> **Exercise brief**: Copy the first line of the entries below and every line after it through the line containing "In the illustration". Do not include pictures.

[Items from a data source]
•••
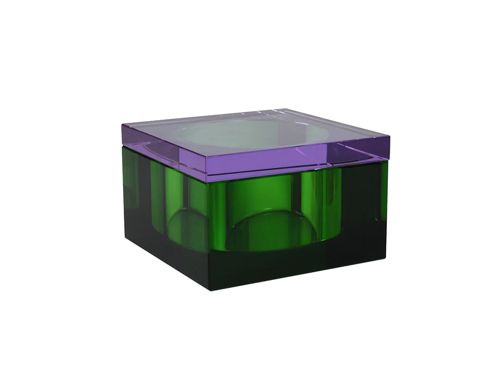 Worship the beauty of our Indigo Burano Crystal Accessories range. A beautiful cut crystal box composed of a green crystal base and a lavender colour lid. Use it as a trinket box on your bedside table, or as amenity box to store personal items. |Available in 2 colours. Packed with Black Indigo Gift box makes it ideal for gifting.
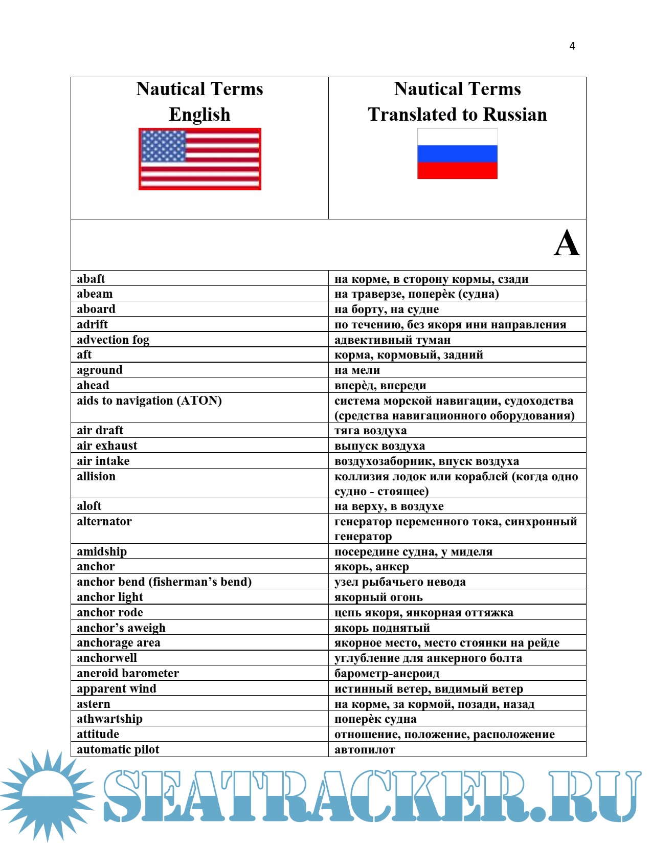 Англо-русский краткий словарь морских терминов - Glossary of Nautical Terms English-Russian
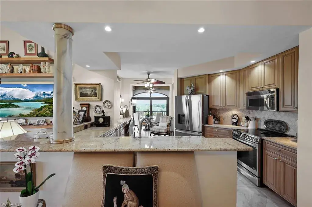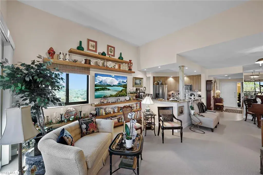 Enjoy an ideal mid-rise penthouse location in Valencia at Pelican Bay. This beautiful corner unit features an open living area with volume ceilings, two glassed-in lanais and an additional open-air lanai, all surrounded by nature. Two bedrooms, two baths, custom kitchen cabinets, granite countertops, new high-end appliances, impact-resistant windows and sliders, Storm Smart mesh hurricane screens, under-building parking, extra storage, community pool, community clubhouse, and much much more. Valencia is a short walk to The Commons, convenient to both tennis complexes, walking/biking paths, the community center and all the first-class amenities Pelican Bay has to offer. Enjoy the Naples lifestyle in a gorgeous setting, perfectly located to the Waterside Shops, Artis—Naples, and restaurants. Come and see why many love calling Pelican Bay home.
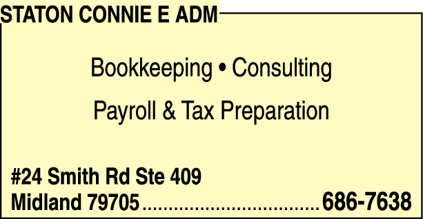 Names and Numbers Verified Accounting Services Bookkeeping Service Tax Return PreparationStaton Connie E ADM is a reputable business located at #24 Smith Rd, Ste 409 in Midland, zip code 79705. We specialize in providing professional payroll and tax preparation services to individuals and businesses. With our experienced team, we ensure accurate and timely payroll p…
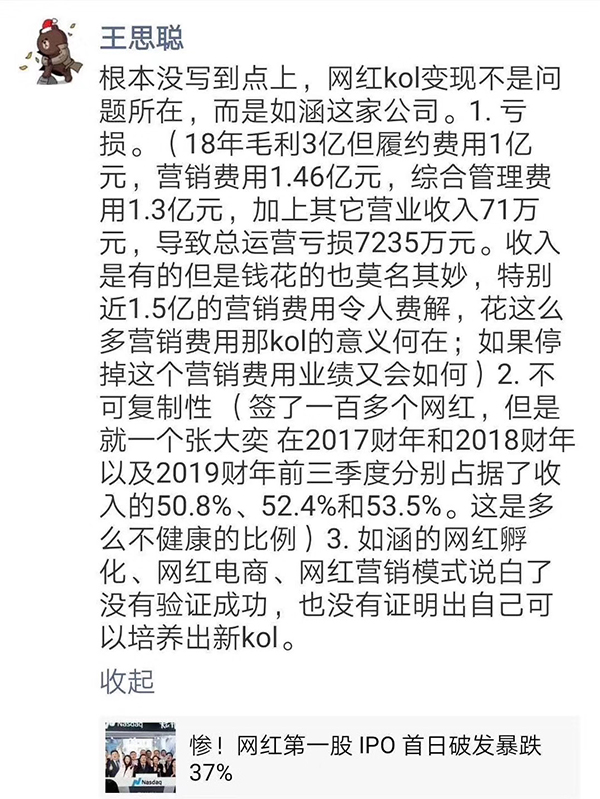 三是如涵的网红孵化、网红电商、网红营销模式没有验证成功,也没有证明出自己可以培养出新KOL。
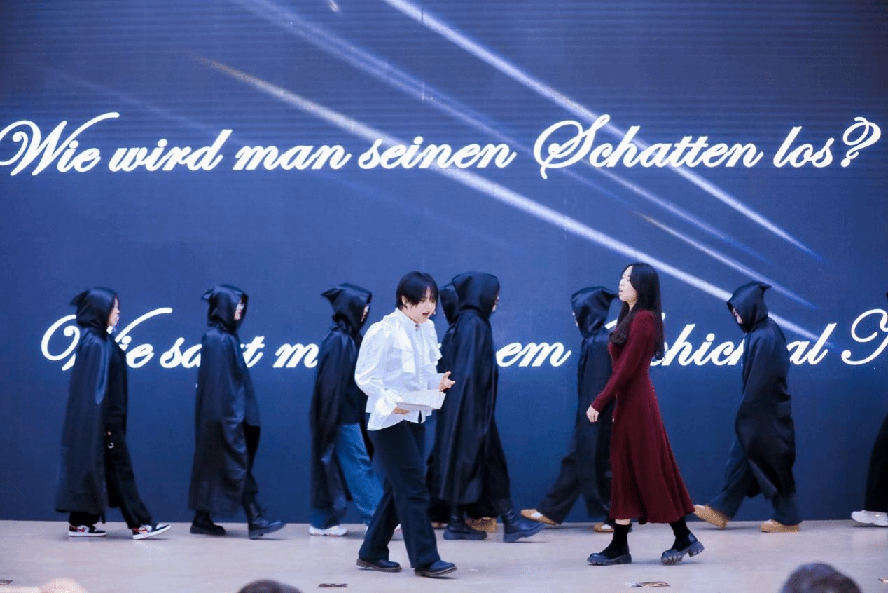 潘佳颖、雷婉珞等一众同学为我们带来了一场关乎个人命运和哲理的庞大剧目。她们表演了音乐剧《莫扎特》中的选段《Wie wird man seinen Schatten los?》。他们的杰出表演带我们走进了莫扎特的内心世界,一起感受到了那份关于个人自由与自我解放的渴望与探索。
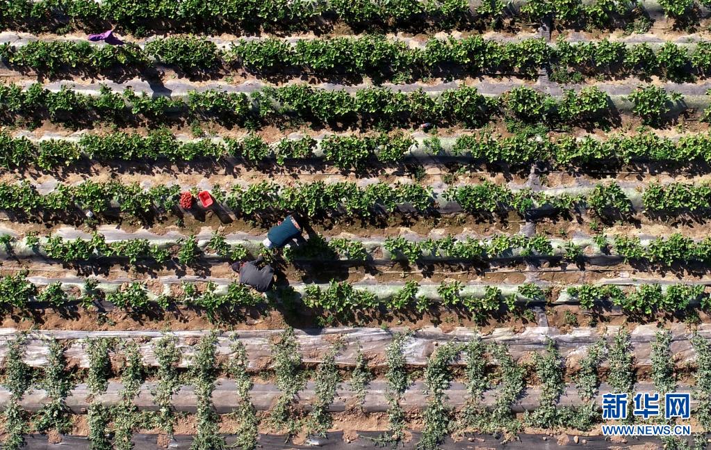 5日、河北省石家荘市新華区杜北郷のイチゴ栽培基地で、収穫作業に励む農家の人たち。(小型無人機から、石家荘=新華社配信/梁子棟)
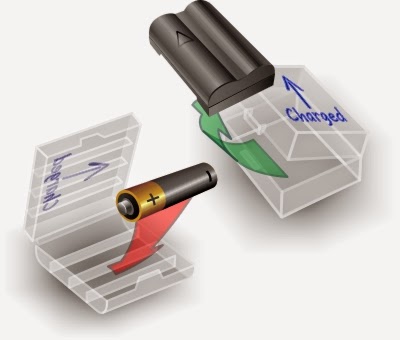In the illustration at right you can see the cases have been labeled with a blue marker. An arrow with the word charged let's you know that if a battery is in the up position the same as the label, that battery is fresh. A battery facing opposite the direction of the label and you have a spent cell.
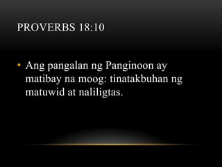 Ang mga talata mula sa Bibliya ay nagtatampok sa kahalagahan ng pangalan ng Panginoon bilang pananggalang para sa mga matuwid at nag-uudyok na ang lahat ng dapat gawin ay gawin sa pangalan ni Jesus. Isinasalaysay din ang isang himala kung saan si Pedro at Juan ay nagpagaling ng isang pilay sa pamamagitan ng pangalan ni Jesus, na nagdulot ng papuri sa Diyos. Ipinapahayag din ng mga talata na ang sinumang tatawag sa pangalan ng Panginoon ay maliligtas.
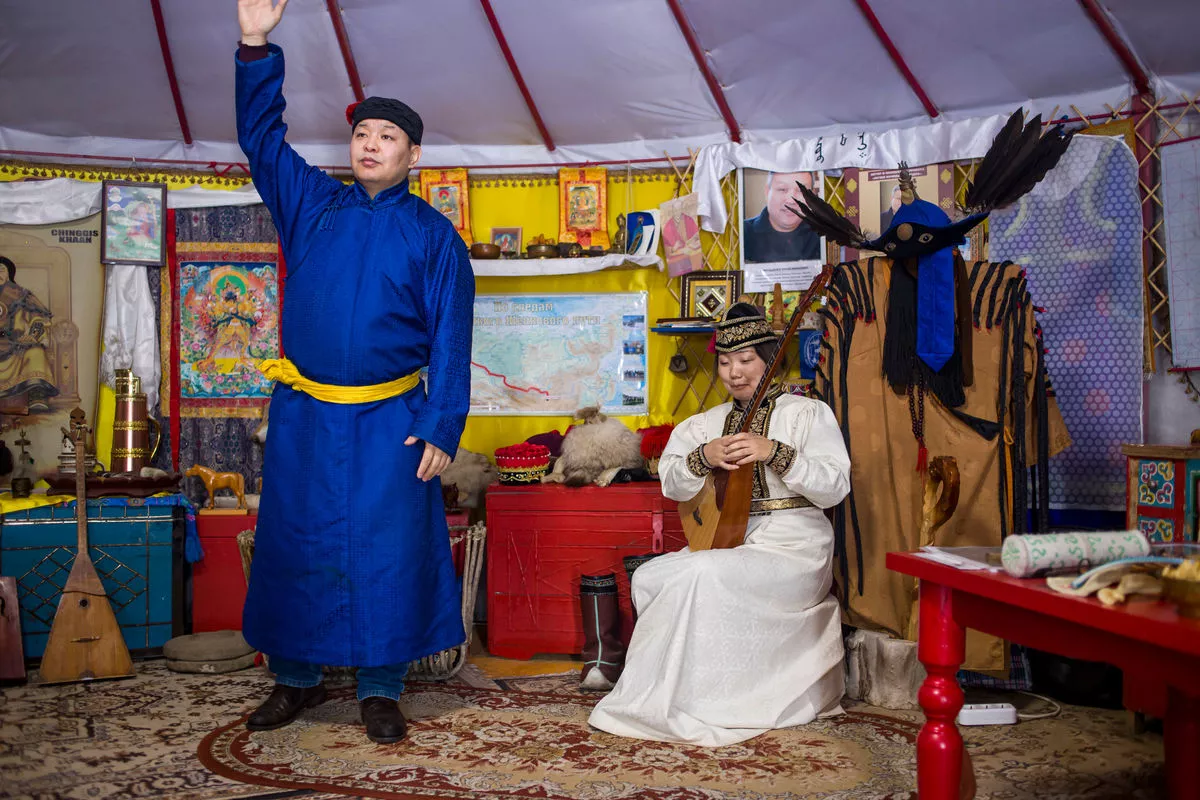 Рассказ о героическом эпосе Джангар, исполнение горловых композиций
•••
> **Solution to the problem**:
 Worship the beauty of our Indigo Burano Crystal Accessories range. A beautiful cut crystal box composed of a green crystal base and a lavender colour lid. Use it as a trinket box on your bedside table, or as amenity box to store personal items. |Available in 2 colours. Packed with Black Indigo Gift box makes it ideal for gifting.
 Англо-русский краткий словарь морских терминов - Glossary of Nautical Terms English-Russian
 Enjoy an ideal mid-rise penthouse location in Valencia at Pelican Bay. This beautiful corner unit features an open living area with volume ceilings, two glassed-in lanais and an additional open-air lanai, all surrounded by nature. Two bedrooms, two baths, custom kitchen cabinets, granite countertops, new high-end appliances, impact-resistant windows and sliders, Storm Smart mesh hurricane screens, under-building parking, extra storage, community pool, community clubhouse, and much much more. Valencia is a short walk to The Commons, convenient to both tennis complexes, walking/biking paths, the community center and all the first-class amenities Pelican Bay has to offer. Enjoy the Naples lifestyle in a gorgeous setting, perfectly located to the Waterside Shops, Artis—Naples, and restaurants. Come and see why many love calling Pelican Bay home.
 Names and Numbers Verified Accounting Services Bookkeeping Service Tax Return PreparationStaton Connie E ADM is a reputable business located at #24 Smith Rd, Ste 409 in Midland, zip code 79705. We specialize in providing professional payroll and tax preparation services to individuals and businesses. With our experienced team, we ensure accurate and timely payroll p…
 三是如涵的网红孵化、网红电商、网红营销模式没有验证成功,也没有证明出自己可以培养出新KOL。
 潘佳颖、雷婉珞等一众同学为我们带来了一场关乎个人命运和哲理的庞大剧目。她们表演了音乐剧《莫扎特》中的选段《Wie wird man seinen Schatten los?》。他们的杰出表演带我们走进了莫扎特的内心世界,一起感受到了那份关于个人自由与自我解放的渴望与探索。
 5日、河北省石家荘市新華区杜北郷のイチゴ栽培基地で、収穫作業に励む農家の人たち。(小型無人機から、石家荘=新華社配信/梁子棟)
In the illustration at right you can see the cases have been labeled with a blue marker. An arrow with the word charged let's you know that if a battery is in the up position the same as the label, that battery is fresh. A battery facing opposite the direction of the label and you have a spent cell.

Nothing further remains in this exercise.